» COLLECTED MATERIAL

____

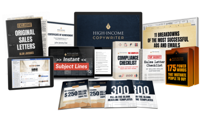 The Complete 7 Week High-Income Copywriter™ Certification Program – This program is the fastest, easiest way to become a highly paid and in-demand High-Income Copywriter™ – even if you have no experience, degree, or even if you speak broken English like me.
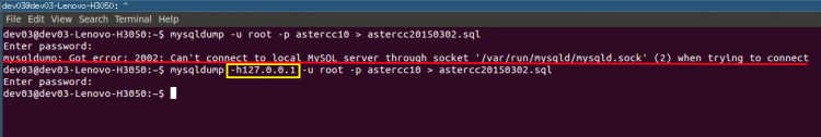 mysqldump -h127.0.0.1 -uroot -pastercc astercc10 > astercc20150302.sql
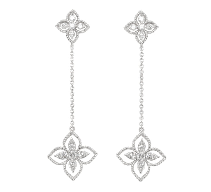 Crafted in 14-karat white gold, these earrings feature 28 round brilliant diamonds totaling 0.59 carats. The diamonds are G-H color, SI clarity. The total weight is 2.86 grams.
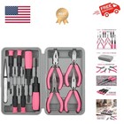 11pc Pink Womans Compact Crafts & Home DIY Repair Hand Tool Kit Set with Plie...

____

Each line from the one with "mysqldump -h127.0.0.1 -uroot" to the final line of the data above is to be printed exactly; no picture should appear in the copy.

» EXERCISE OUTPUT
 mysqldump -h127.0.0.1 -uroot -pastercc astercc10 > astercc20150302.sql
 Crafted in 14-karat white gold, these earrings feature 28 round brilliant diamonds totaling 0.59 carats. The diamonds are G-H color, SI clarity. The total weight is 2.86 grams.
 11pc Pink Womans Compact Crafts & Home DIY Repair Hand Tool Kit Set with Plie...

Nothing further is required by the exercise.